===== Data below

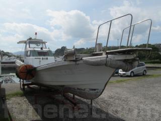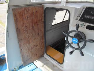 取材時は上架されていましたので、エンジン始動確認及び試乗をしていません。沖乗りでの状態や細かい所までは解りかねますので、ご見学の際にはご試乗頂き、全ての事項をご確認の上でご購入をお決め頂きますようお願い致します。
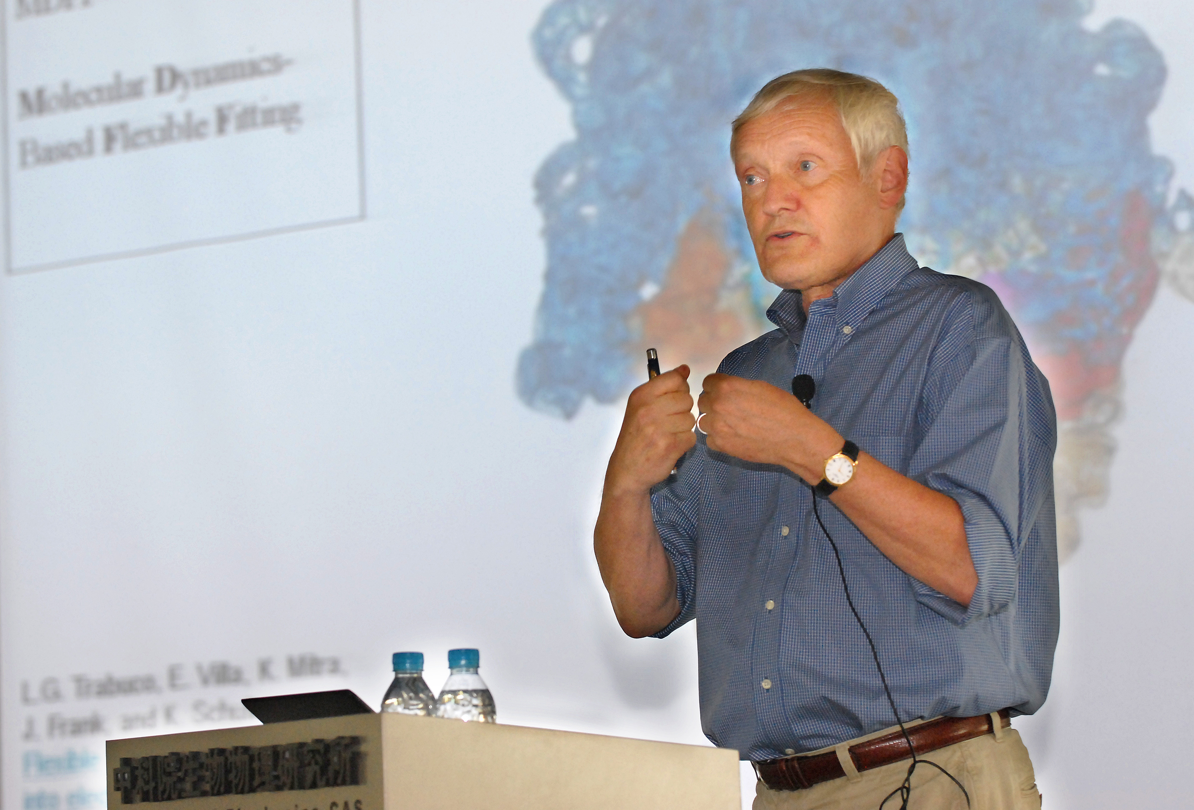2008年7月17日,我们有幸邀请到了美国科学院院士——Joachim Frank教授。Joachim Frank教授的突出贡献是他首次利用冷冻电镜和单颗粒三维重构技术观察到了核糖体的精细结构,并在其随后的工作中对蛋白质翻译的延伸过程的研究有了突破性的研究结果。上午10点整,Joachim Frank教授在我所图书馆报告厅给我们带来了题目为“Translocation and Decoding as Seen by Cryo-EM”的精彩报告。
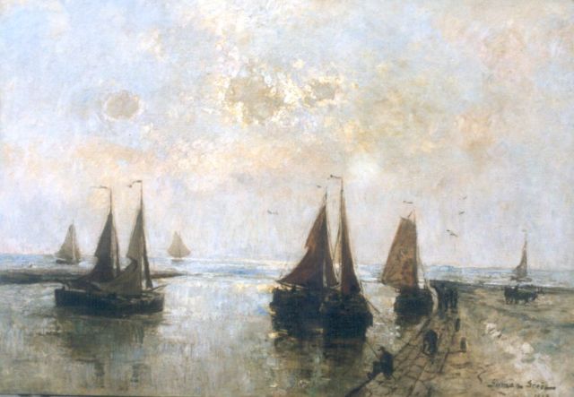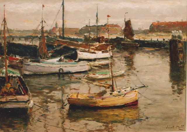 Evert Moll | Boten in de haven van Scheveningen, olieverf op doek, 50,2 x 70,4 cm, gesigneerd r.o.
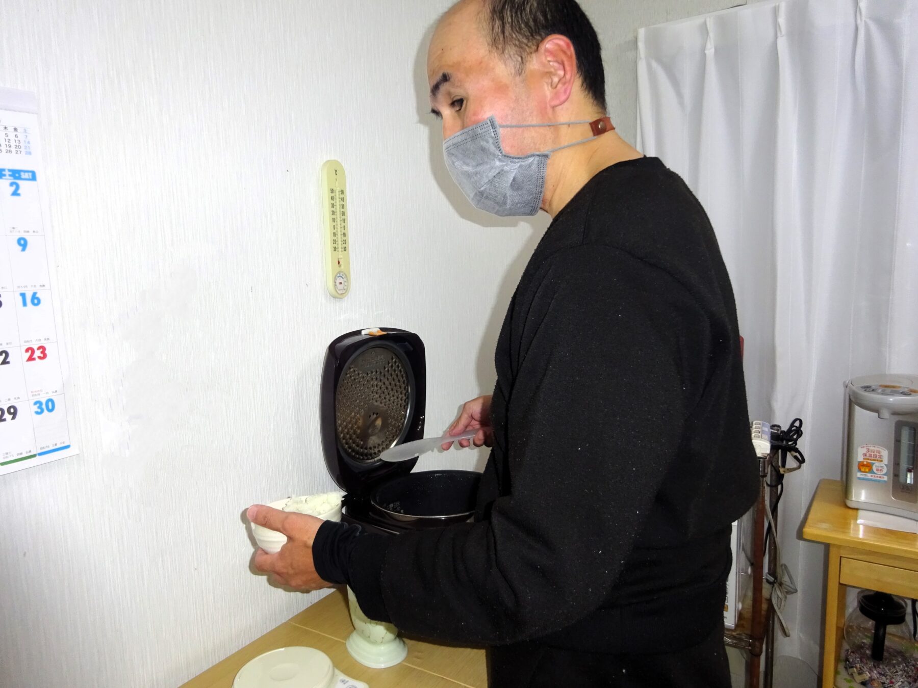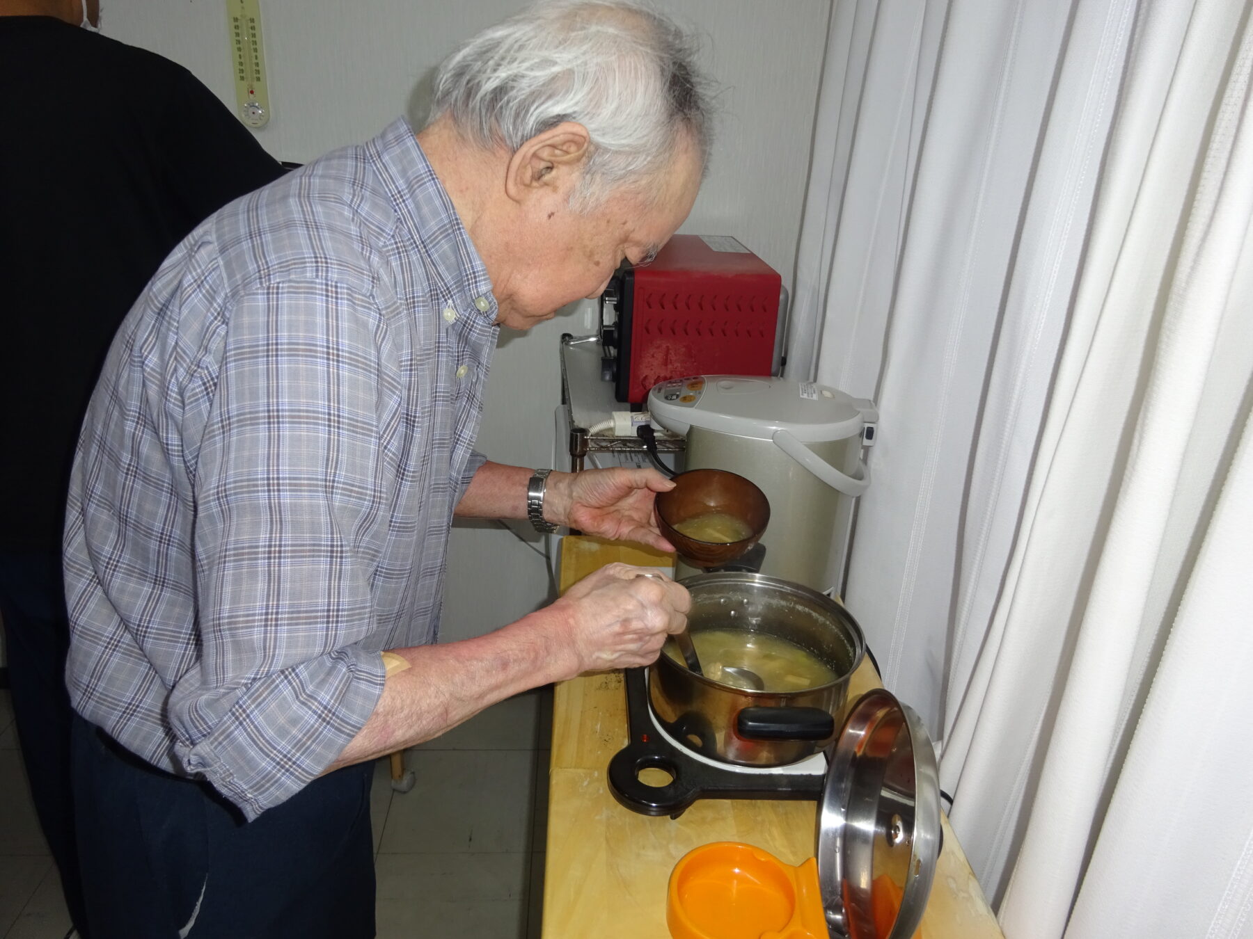 ご飯や味噌汁は皆さん、各自で盛っています。

==========

◆ **What the exercise asks**
A faithful transcription of the material, with no pictures, is the expected result.

◆ **Written reply**
 取材時は上架されていましたので、エンジン始動確認及び試乗をしていません。沖乗りでの状態や細かい所までは解りかねますので、ご見学の際にはご試乗頂き、全ての事項をご確認の上でご購入をお決め頂きますようお願い致します。
2008年7月17日,我们有幸邀请到了美国科学院院士——Joachim Frank教授。Joachim Frank教授的突出贡献是他首次利用冷冻电镜和单颗粒三维重构技术观察到了核糖体的精细结构,并在其随后的工作中对蛋白质翻译的延伸过程的研究有了突破性的研究结果。上午10点整,Joachim Frank教授在我所图书馆报告厅给我们带来了题目为“Translocation and Decoding as Seen by Cryo-EM”的精彩报告。
 Evert Moll | Boten in de haven van Scheveningen, olieverf op doek, 50,2 x 70,4 cm, gesigneerd r.o.
 ご飯や味噌汁は皆さん、各自で盛っています。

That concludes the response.